In this parable, it sounds like everything about the system was already in place, and the system was only temporarily changed by the end. The problem was that the system was understaffed, and the solution was for the company to hire more staff.
Where our heroic protagonist, Efrain, pats himself on the back is when he figures out how to hire more staff but at a lower cost than he previously anticipated. The payoff was expected from the belief that, after getting his firm out from behind the 8-ball, the labor needs of the company would be smaller and the temporary staff could be released.
This is textbook “inside-the-box” thinking: “Once we fix this one temporary problem, our system will work correctly.”
I know a company that frequently gets behind in delivery times, output, and schedule adherence; and every year, they send R&D and clerical personnel down to the manufacturing area to do menial tasks and play “catch up.” They even offer bonuses if certain goals are reached. Of course, the goals are never reached, because creating chaos in the workforce is not a mechanism for achieving robust delivery times, output, or schedule adherence.
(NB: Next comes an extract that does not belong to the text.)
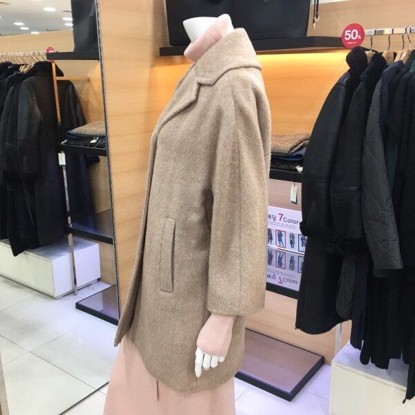 쉬즈미스 알파카혼방소재로 고급스러우며 베이직한 디자인의 내츄럴한 분위기를 연출하는 반코트예요

The problem is created by the system, and rather than imagine systemic solutions, they believe that they can throw personnel at the problem, the problem will end, and then the system will begin to function as designed. Bonkers; that company will be fighting fires until they close their doors.
In our parable here, I think what Efrain really discovered was that exit interviewing was a different job than the ones that required his more expert staff. Making it a separate responsibility with its own dedicated staff was the systemic solution.